В 1916 году у нас было уже четверо детей. Жили мы в полуподвальном помещение, за Нарвской заставой.
Колю уже разыскивала жандармское управление и поэтому мы жили под чужой фамилией, а он работал младшим дворником, так как по документам мы якобы только недавно приехали из деревни, и до этого в городах не жили.
Двое из моих детей, Коле ему шел третий год и Лёне ему было второй год – были больные рахитом и не ходили четвертый Сергей, ему было в это время два месяца.
Вот однажды, Коля ушел в город с утра, прошел целый день, шел уже 12 час ночи, но его все не было. Я очень беспокоилась, что такое? Почему его все нет?
Пришла ночь, положив голову на руки, прямо за столом – задремала.
Но вдруг внезапно в дверь сильно застучали, и чей -то резкий голос громко сказал:
- «Открывайте немедленно – полиция».
У меня замерло сердце, я поняла, что Коля или куда – то скрылся, или его арестовали.
Удары в дверь продолжались, и я крикнув:
- «Сейчас, сейчас открою, только дайте одеться»
Вспомнила, что в столе лежит револьвер, быстро схватила его и раскрыв немного Сергея, положила его между его ножек и вновь запеленала.
Открыла дверь, в нее вошли трое из полиции и старший дворник. Ничего не спрашивая у меня, один, как видно старший, сел на табуретку, поставив, ее к окну и отдал двоим распоряжение: – Начинайте обыск.
Я сидела на кровати со спящими тремя сыновьями, прижав к груди, последнего грудного.
Переворошив все вещи, так ничего не найдя, они написали какую-то бумагу, в ней заставили меня расписаться, а я ведь была не грамотная и поставила только крестик, потом расписался старший дворник и собрались уходить.
Я попыталась спросить:
- «В чем дело? Что Вы искали?»
А тот, кто сидел все время на табуретке, сказал:
-«Вам лучше знать, что мы искали», - и хлопнув входной дверью, все они ушли.
Позднее, чуть успокоившись, прибирая, разбросанные вещи и одежду, и поразмыслив, я поняла, что раз они о Коле ничего не спросили, значит, он у них, он арестован.

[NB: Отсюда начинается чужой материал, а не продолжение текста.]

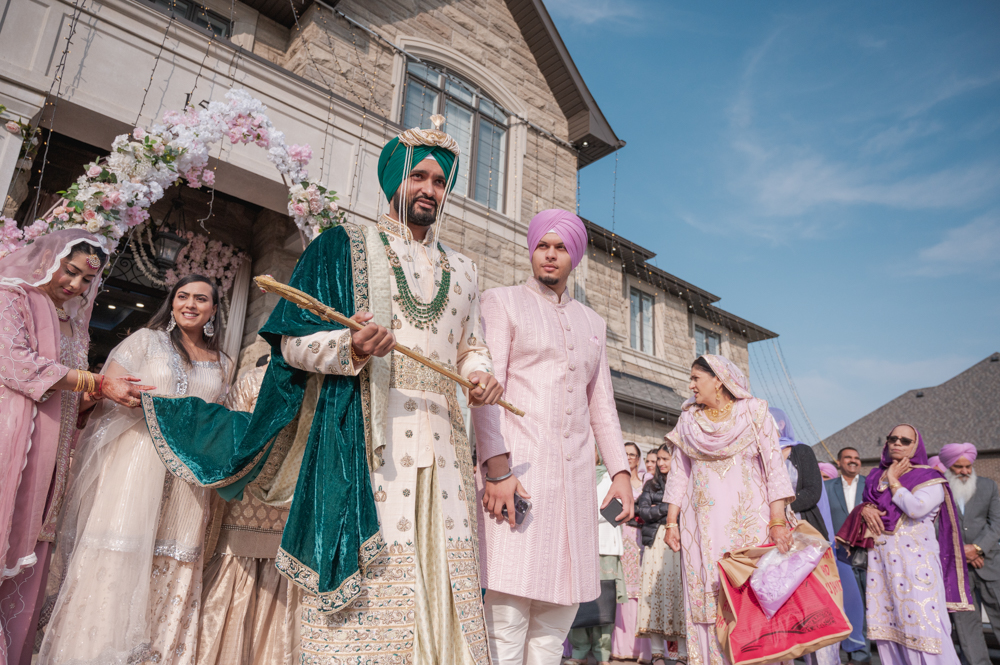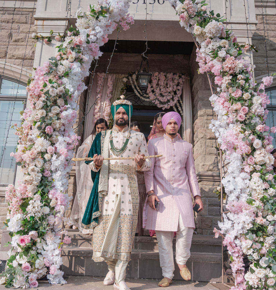 A groom wearing traditional attire adorned with a green turban and intricate embroidery walks beside another man dressed in a pink sherwani and turban. They are beneath a decorated floral archway at an outdoor venue. Two women in traditional clothing stand behind them.

Утром мои догадки подтвердились, пришел один из товарищей Коли под видом коробейника и сказал мне, что Колю и еще ряд товарищей арестовали вчера на явочной квартире, где происходило какое – то совещание.
При разговоре, он передал мне 12 рублей денег, говоря:
- «Берите, берите это его деньги».
Как я узнала позднее, а мне неоднократно приносили денежную помощ. Деньги эти были из партийной кассы для семей, чьи мужья арестованы или находятся в тюрьмах.
Узнав у меня, что при обыске ничего не нашли и как я спрятала револьвер, он похвалил меня, взяв его с собой, при этом посоветовал мне настойчиво искать Колю и требовать с ним свидание.
Одновременно предупредил меня:
- «Как только Вы чего –либо добьетесь, немедленно сообщите по такому то адресу, его запомните, а лучше я сам на днях к Вам зайду, ну на следующей недели»
Вот я в полицейском участке, на руках у меня грудной ребенок. Но ни кто, ничего не говорил где мой муж, только пожимали плечами, да говорили:
- «Мы не знаем, загулял, наверное»
Один полицейский - пожилой мужчина, когда я уже от них выходила, шепнул мне, чтобы я сходила к полицмейстеру города, и назвал его приемные часы.
Сижу в приемной полицмейстера, жду, когда меня примут, наконец - то называют мою вымышленную фамилию, и я захожу в кабинет полицмейстера.
Объясняю ему, что не могу узнать где мой муж, обращалась везде, а никто не отвечает, добавив, что если Вы сейчас мне не поможете и не дадите мне с ним свидание я оставлю Вам этого ребенка. И положила ему на стол Сергея, который стал орать благим матом, как – будто знал, что его крик сейчас и нужен.
Да и ещё приведу сейчас еще троих, мне их нечем кормить, вот Вы и кормите.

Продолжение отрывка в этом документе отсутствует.